WHAT TO WORK ON: Each record that follows is to be duplicated exactly, though its pictures are not.
GIVEN INFORMATION: Begin
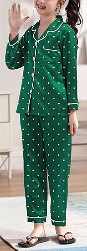 Schbbbta Girls & Womens Satin Pajamas Set, Silk Long Sleeve Nightwear Button-Down Sleepwear, 3 Years - Women XXL,Green Polka Dots, 5-6 Years
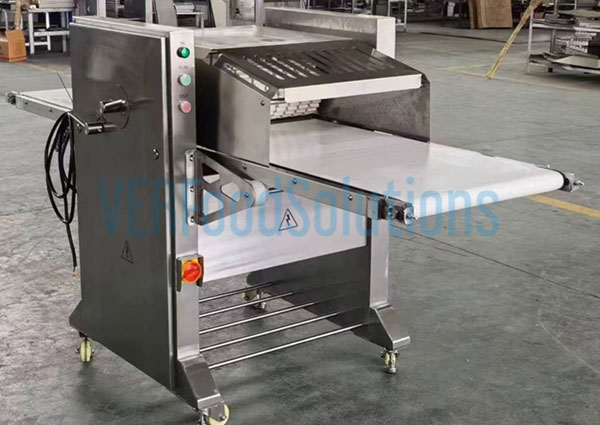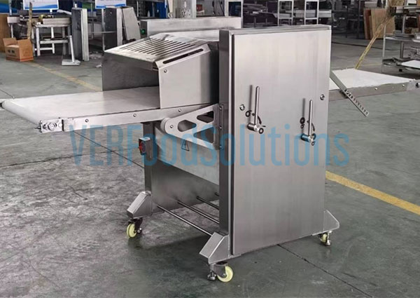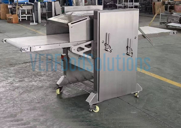 Our pork skin peeling machine is equipped with a widened feed inlet, available in four sizes: 300mm, 435mm, 500mm, and 620mm, to accommodate various pork cuts and processing requirements. Made from high-quality 304 food-grade stainless steel, the feed inlet offers excellent corrosion resistance, meets strict food hygiene standards, and is easy to clean, ensuring a safe and sanitary production environment. The wide inlet allows meat pieces to enter smoothly, preventing slippage and uneven feeding, which helps reduce meat loss. The thoughtfully arranged components—including pressure rollers, drive rollers, cutter holders, and feed racks—ensure stable and consistent entry of meat into the processing area, minimizing blockages and maintaining high processing efficiency. Additionally, the design facilitates easy cleaning, allowing residual meat to be quickly removed from the feed rollers, thereby improving maintenance efficiency and extending the machine’s operational lifespan.
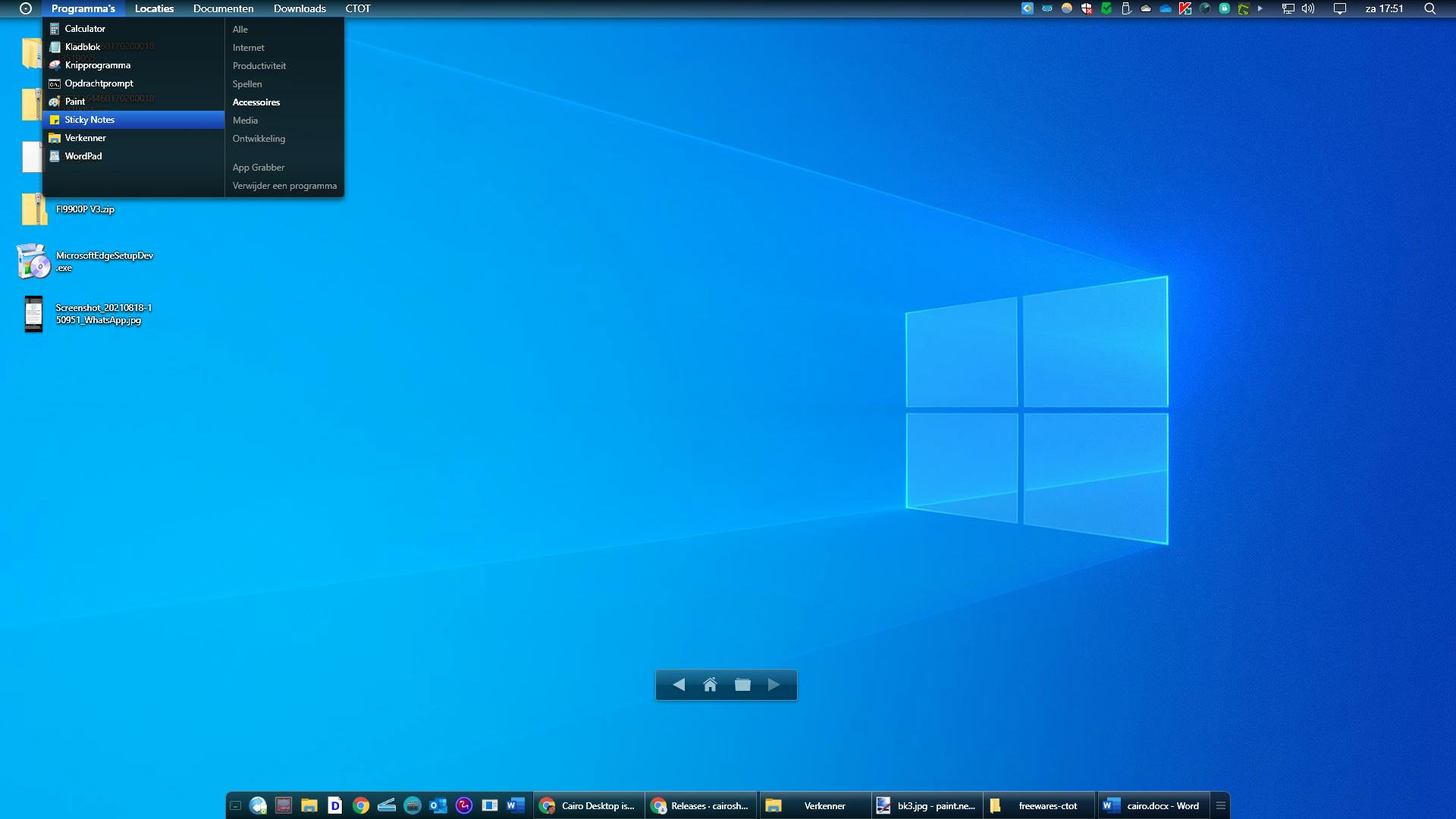 Ook de startknop van Windows is naar de bovenste uithoek verhuisd. Van hieruit kun je Cairo afsluiten (zodat je weer je oude bureaublad te zien krijgt), maar ook instellingen van de tool aanpassen om die helemaal naar je hand te zetten.
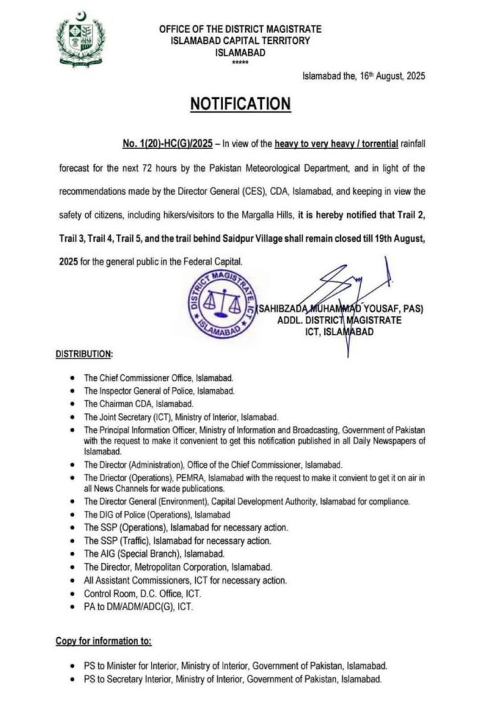 Islamabad, 16th August 2025: The District Magistrate of Islamabad has issued a notification warning the public about heavy to very heavy rainfall forecasted over the next 72 hours by the Pakistan Meteorological Department. To ensure the safety of citizens, particularly hikers and visitors to the Margalla Hills, several popular trails will remain closed until 19th August 2025.
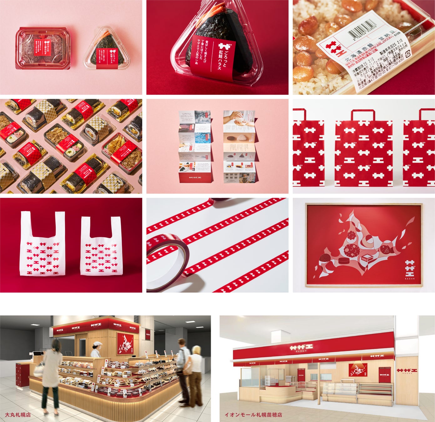 パッケージデザインは、手に取っていただいたお客様に商品のこだわりやおいしさを伝えられるよう、商品名と商品説明をセットにしたラベルシステムを開発。商品情報をまとめた「サーマルラベル」もオリジナルでデザインしました。店舗デザインは、創業時の想いを受け継ぎながら、「現代のサザエ食堂」をコンセプトに現代的で親しみやすいデザインを開発。食堂を想起させるブランドカラーで仕上げたのれんを目印に、明るく品質感を高める木との調和された空間へと生まれ変わりました。また、北海道全域で展開するサザエであることを表した北海道の地形とおはぎやおむすびなど、主要商品をグラフィカルにデザインしたアートワーク「サザエ北海道図」を制作しました。
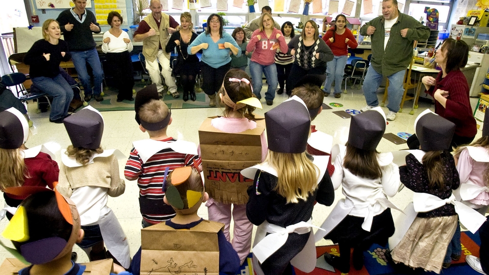 ![Native Americans are depicted at the first Thanksgiving feast, in a scene from a 1960 educational film about the Pilgrims’ first year in America [AP]](https://aljazeeranews-mggx1uo47w.edgeone.app/wp-content/uploads/2017/11/519ae8f7ba8c4efea3c2c4f5ee85abb8_6.jpeg?quality=80)
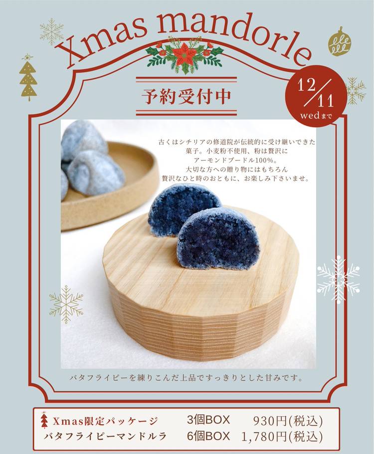 🎄先行予約期間、明後日まで!🎄 イタリアの伝統菓子【マンドルラ】にバタフライピーを練りこんだSICILIAMOさんの大人気スイーツが クリスマス限定BOXに入って登場します🌲 🎄仕切りのついた箱にリボンがかかった クリスマス限定マンドルラは数量限定🎁 12月11日まで先行予約の受付を行っています💡 小麦粉不使用、アーモンドプードル100%の甘すぎない上品なお菓子は 大切な方への...
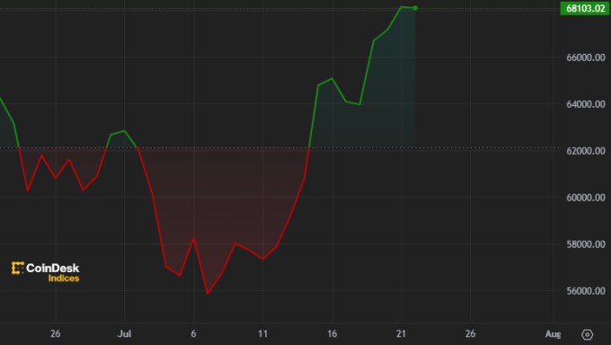 Giá Bitcoin sáng 22/7 cũng có thời điểm tiến sát 68.500 USD một đồng. Đây là mức cao nhất một tháng. "Diễn biến này phản ánh quan điểm của nhà đầu tư rằng bà Harris không thể đánh bại ông Donald Trump trong cuộc đua vào Nhà Trắng. Triển vọng của Bitcoin rất sáng sủa vì Trump có lập trường thân thiện với tiền số", Tony Sycamore - nhà phân tích thị trường tại IG Australia giải thích.
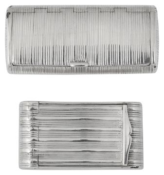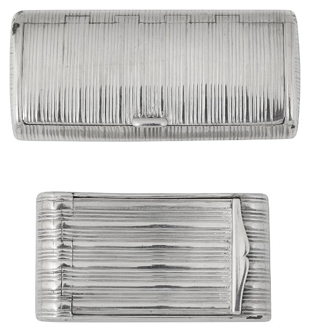 first of rounded rectangular form second of curved rectangular form, both with reeded decoration, the lids with flush hinges and plain thumbpieces, and gilt interiors, (2)
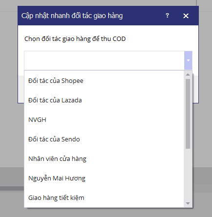 Khi Thu ngân chọn Thu COD đơn giao hàng từ đối tác vận chuyển, tuy nhiên vì một lý do nào đó nên đơn không có đối tác vận chuyển (Ví dụ: Lỗi dữ liệu, lỗi mạng, …). Trong trường hợp này, khi nhấn Thu COD, chương trình sẽ hiển thị màn hình yêu cầu cập nhật lại đối tác vận chuyển.
GIVEN INFORMATION: End
WRITTEN SOLUTION:
 Schbbbta Girls & Womens Satin Pajamas Set, Silk Long Sleeve Nightwear Button-Down Sleepwear, 3 Years - Women XXL,Green Polka Dots, 5-6 Years
 Our pork skin peeling machine is equipped with a widened feed inlet, available in four sizes: 300mm, 435mm, 500mm, and 620mm, to accommodate various pork cuts and processing requirements. Made from high-quality 304 food-grade stainless steel, the feed inlet offers excellent corrosion resistance, meets strict food hygiene standards, and is easy to clean, ensuring a safe and sanitary production environment. The wide inlet allows meat pieces to enter smoothly, preventing slippage and uneven feeding, which helps reduce meat loss. The thoughtfully arranged components—including pressure rollers, drive rollers, cutter holders, and feed racks—ensure stable and consistent entry of meat into the processing area, minimizing blockages and maintaining high processing efficiency. Additionally, the design facilitates easy cleaning, allowing residual meat to be quickly removed from the feed rollers, thereby improving maintenance efficiency and extending the machine’s operational lifespan.
 Ook de startknop van Windows is naar de bovenste uithoek verhuisd. Van hieruit kun je Cairo afsluiten (zodat je weer je oude bureaublad te zien krijgt), maar ook instellingen van de tool aanpassen om die helemaal naar je hand te zetten.
 Islamabad, 16th August 2025: The District Magistrate of Islamabad has issued a notification warning the public about heavy to very heavy rainfall forecasted over the next 72 hours by the Pakistan Meteorological Department. To ensure the safety of citizens, particularly hikers and visitors to the Margalla Hills, several popular trails will remain closed until 19th August 2025.
 パッケージデザインは、手に取っていただいたお客様に商品のこだわりやおいしさを伝えられるよう、商品名と商品説明をセットにしたラベルシステムを開発。商品情報をまとめた「サーマルラベル」もオリジナルでデザインしました。店舗デザインは、創業時の想いを受け継ぎながら、「現代のサザエ食堂」をコンセプトに現代的で親しみやすいデザインを開発。食堂を想起させるブランドカラーで仕上げたのれんを目印に、明るく品質感を高める木との調和された空間へと生まれ変わりました。また、北海道全域で展開するサザエであることを表した北海道の地形とおはぎやおむすびなど、主要商品をグラフィカルにデザインしたアートワーク「サザエ北海道図」を制作しました。
 ![Native Americans are depicted at the first Thanksgiving feast, in a scene from a 1960 educational film about the Pilgrims’ first year in America [AP]](https://aljazeeranews-mggx1uo47w.edgeone.app/wp-content/uploads/2017/11/519ae8f7ba8c4efea3c2c4f5ee85abb8_6.jpeg?quality=80)
 🎄先行予約期間、明後日まで!🎄 イタリアの伝統菓子【マンドルラ】にバタフライピーを練りこんだSICILIAMOさんの大人気スイーツが クリスマス限定BOXに入って登場します🌲 🎄仕切りのついた箱にリボンがかかった クリスマス限定マンドルラは数量限定🎁 12月11日まで先行予約の受付を行っています💡 小麦粉不使用、アーモンドプードル100%の甘すぎない上品なお菓子は 大切な方への...
 Giá Bitcoin sáng 22/7 cũng có thời điểm tiến sát 68.500 USD một đồng. Đây là mức cao nhất một tháng. "Diễn biến này phản ánh quan điểm của nhà đầu tư rằng bà Harris không thể đánh bại ông Donald Trump trong cuộc đua vào Nhà Trắng. Triển vọng của Bitcoin rất sáng sủa vì Trump có lập trường thân thiện với tiền số", Tony Sycamore - nhà phân tích thị trường tại IG Australia giải thích.
 first of rounded rectangular form second of curved rectangular form, both with reeded decoration, the lids with flush hinges and plain thumbpieces, and gilt interiors, (2)
 Khi Thu ngân chọn Thu COD đơn giao hàng từ đối tác vận chuyển, tuy nhiên vì một lý do nào đó nên đơn không có đối tác vận chuyển (Ví dụ: Lỗi dữ liệu, lỗi mạng, …). Trong trường hợp này, khi nhấn Thu COD, chương trình sẽ hiển thị màn hình yêu cầu cập nhật lại đối tác vận chuyển.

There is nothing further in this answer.